Ms. Management Aug 2018

August 17, 2018by melissad0

Q- I’m a new regional manager operating a small portfolio owned by a local family. There is a non-family head of operations that I report to. She has been in place for several years building a solid team throughout the company. I have inherited some notable examples in my assigned region. I mention all this because I’ve recently been made aware of an awkward situation at one of my properties. One of the owners has a son-in-law that has recently graduated from college and been recruited to get involved with the “family business.” With no input from myself and no buy-in from the property manager this son-in-law has been hired and after an informal orientation, assigned to my largest property as assistant manager. Don’t get me wrong, I like the young man. He has some people skills and some experience as a shift manager at a restaurant while going to college. However, there seems to be the underlying idea that he will pick it up as he goes; how hard could it be? Meanwhile, the manager does not want to assign too much so she is doling assignments out piece meal. She is probably also worried that if he knows everything her job is at risk. I don’t know but she is not herself. She has mentioned that Jeff (not his name) probably believes that our rules don’t apply to him. She’s mentioned Jeff has been late several times, left for personal appointments in the middle of his shift, and during an average work week he’s not in team attire at least twice. When my manager mentions these things it’s not with any discipline rendered or discussed. The definite impression is growing that regardless of her or my opinion, we need to adjust to the idea. I don’t want to misstep here. I love my job. I respect my leader and this company. I have never run into this before, but I know this situation is not good for my team or my leadership. Help.
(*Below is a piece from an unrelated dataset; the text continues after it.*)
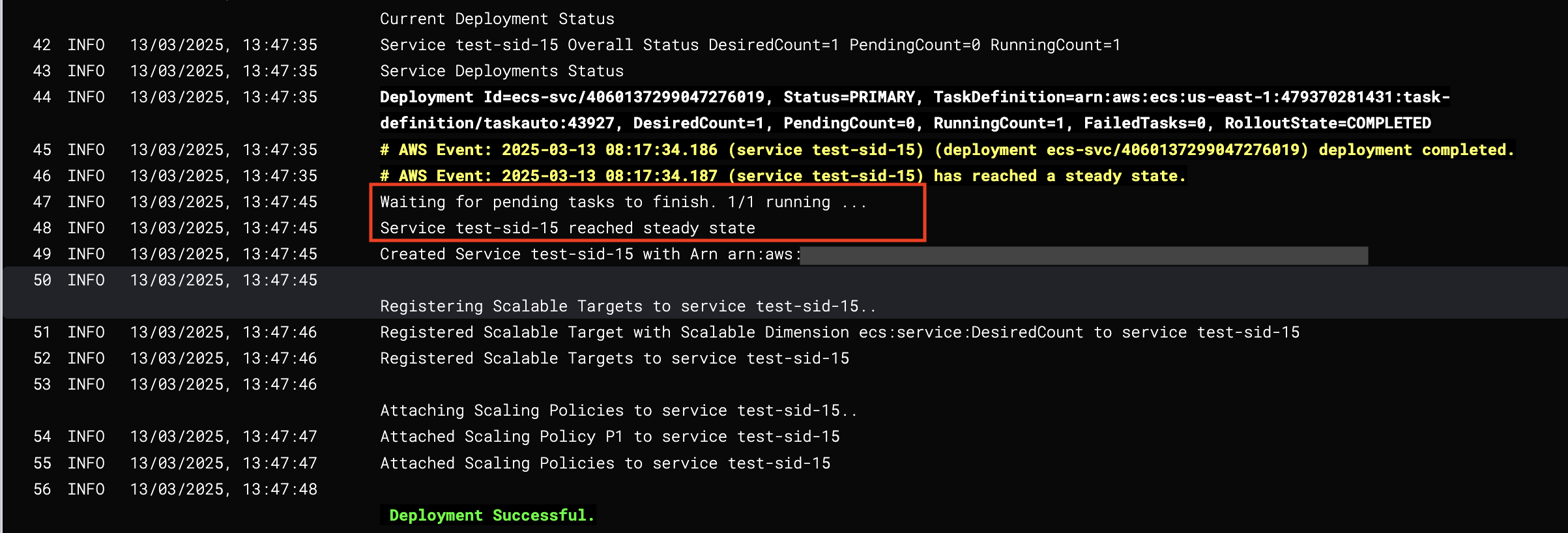 If ECS Service Auto Scaling is configured, it is attached to the last production service at the end of the rollback.

A- Hmm. First, let me ask. Do you believe that your file leader is aware and cares about this situation? You have framed up your concerns meticulously but with no mention of a frank discussion with the one person that is probably aware of the initial intent by ownership. You have mentioned that she has experience communicating with the owner(s) while building a solid team over time. It’s possible that you and your property manager are coming to conclusions without the benefit of the experienced leadership available to you. So, to do good for your team you need understanding. Don’t assume. Ask. Likelihood is that because some shortcuts were taken to expedite hiring, combined with informal orientation, combined with simplifications in the communications between family members that what we have is that a well-intended young man has been accidentally “set up to fail.” This happens more than you might think. You and your property manager might be delighted to discover that the father-in-law had only one request of the head of operations; “please put Jeff under the direction of your best regional and best property manager. Jeff is a smart young man and needs to learn what are “best practices” in our business.” Good news is that the solution is easily fixed by confronting and correcting misunderstandings. Everybody has a good laugh and then gets to work. Please keep me in the loop.